One other thing it's important to try and remember is not to over identify. Your experiences were exactly that - "YOUR" experiences. Don't think you know what it's like for anyone you work with, because you don't. Every single one of us handles our difficutlies differently.

Given these couple of safeguards, largely for yourself, I think you will do well. All the best for your future.


Specializes in Hospice, Med Surg, Long Term.

My only experience with psych, was an an ofc. nurse in a psychiatrist/counseling ofc. It was an area wide treatment center, not another for 150 miles. We treated alot of children and alot of indigent patients. I only did this for about 8 months several years ago.

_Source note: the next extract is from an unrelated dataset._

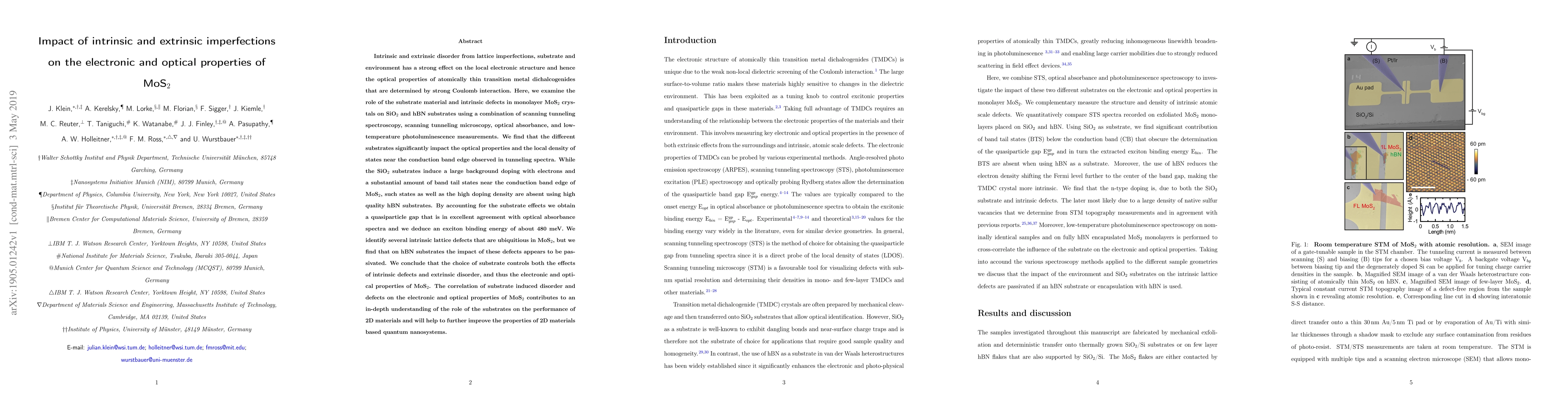 Intrinsic and extrinsic disorder from lattice imperfections, substrate and environment has a strong effect on the local electronic structure and hence the optical properties of atomically thin transition metal dichalcogenides that are determined by strong Coulomb interaction. Here, we examine the role of the substrate material and intrinsic defects in monolayer MoS2 crystals on SiO2 and hBN substrates using a combination of scanning tunneling spectroscopy, scanning tunneling microscopy, optical absorbance, and low-temperature photoluminescence measurements. We find that the different substrates significantly impact the optical properties and the local density of states near the conduction band edge observed in tunneling spectra. While the SiO2 substrates induce a large background doping with electrons and a substantial amount of band tail states near the conduction band edge of MoS2, such states as well as the high doping density are absent using high quality hBN substrates. By accounting for the substrate effects we obtain a quasiparticle gap that is in excellent agreement with optical absorbance spectra and we deduce an exciton binding energy of about 480 meV. We identify several intrinsic lattice defects that are ubiquitious in MoS2, but we find that on hBN substrates the impact of these defects appears to be passivated. We conclude that the choice of substrate controls both the effects of intrinsic defects and extrinsic disorder, and thus the electronic and optical properties of MoS2. The correlation of substrate induced disorder and defects on the electronic and optical properties of MoS2 contributes to an in-depth understanding of the role of the substrates on the performance of 2D materials and will help to further improve the properties of 2D materials based quantum nanosystems.

Would it be difficult for my to get a position in psych with so little experience?

Specializes in Med-Surg, Geriatric, Behavioral Health.

Excellent thread. Let's keep the input coming.

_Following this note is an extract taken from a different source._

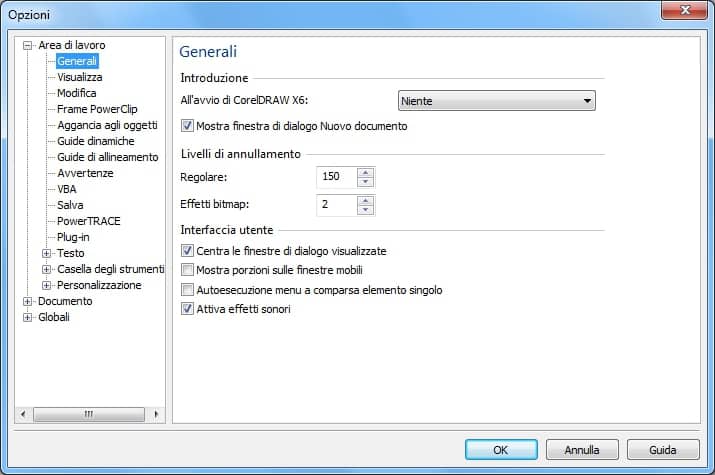 Si può anche disattivare la finestra di dialogo Crea un nuovo documento selezionando il menu Strumenti > Opzioni e scegliendo Area di lavoro > Generale e disattivando la casella Mostra finestra di dialogo Nuovo documento. Per riattivare l'opzione, basta spuntare la casella Mostra finestra di dialogo Nuovo documento nella finestra di dialogo Opzioni (figura C).

Specializes in Psychiatric, Med Surg, Onco.

First of all....good for you for getting/accepting the help you needed! The brain is the most important organ in the body, but yet, maintaining it's health, and thus the health of every other system in your body, is frowned upon by many. Your experience gives you insight, that those in the field without such experience, lack. Patients know when you genuinely "get it" and when you don't, regardless of MI in past/present. However, it is very important to be aware that working in this field can "trigger" you, usually when you least expect it. Thus, introspection is a vital skill to have to avoid personalization of a patients issues.

I wish you the very best of luck!

Trying it is the only way to find out in my opinion.

If you can stay objective, in control of yourself and not take nasty comments from pts. personal then you're a good candidate for psych nursing whether you have a psych history or not.

If a patient is "losing it" and about to code, you have to stay calm (at least on the outside) you don't want to get sucked into their world and be of no help to the other staff.

Where I worked there was only one nurse that I could say clearly had no business working psych. She was constantly flipping out, scattered brained, ocd, bizzare appearance and crazy fire red hair that looked like she just rolled out of bed :uhoh3:

Whoever hired her should be smacked:trout:

Where I worked there was only one nurse that I could say clearly had no business working psych. She was constantly flipping out, scattered brained, ocd, bizzare appearance and crazy fire red hair that looked like she just rolled out of bed :uhoh3:

Whoever hired her should be smacked:trout:

LOL :lol2: Sounds like you're describing a co-worker of mine LOL

If you are aware of your areas of weakness then you will most likely be OK. The trouble comes when a patient's situation "hits you where you ain't". I have seem this happen to a nurse and it nearly destroyed her. We were working on a women's specialty program and she apparently had childhood sexual abuse she had not dealt with.

Specializes in Telemetry, LTC, Psych.

I am a new RN(BSN) who has a passion for psych. I have a AX 1 diagnosis and I believe that my experiences/breathroughs/recovery will make me a better nurse and person.

I think lots of us have had bouts with depression. I know I did, and like you I took the meds, and got better. The experience caused me to be more understanding when I encounter others with depression. I don't think you should second guess yourself. Go forward and know that you are a better person for the experiences you have successfully navigated.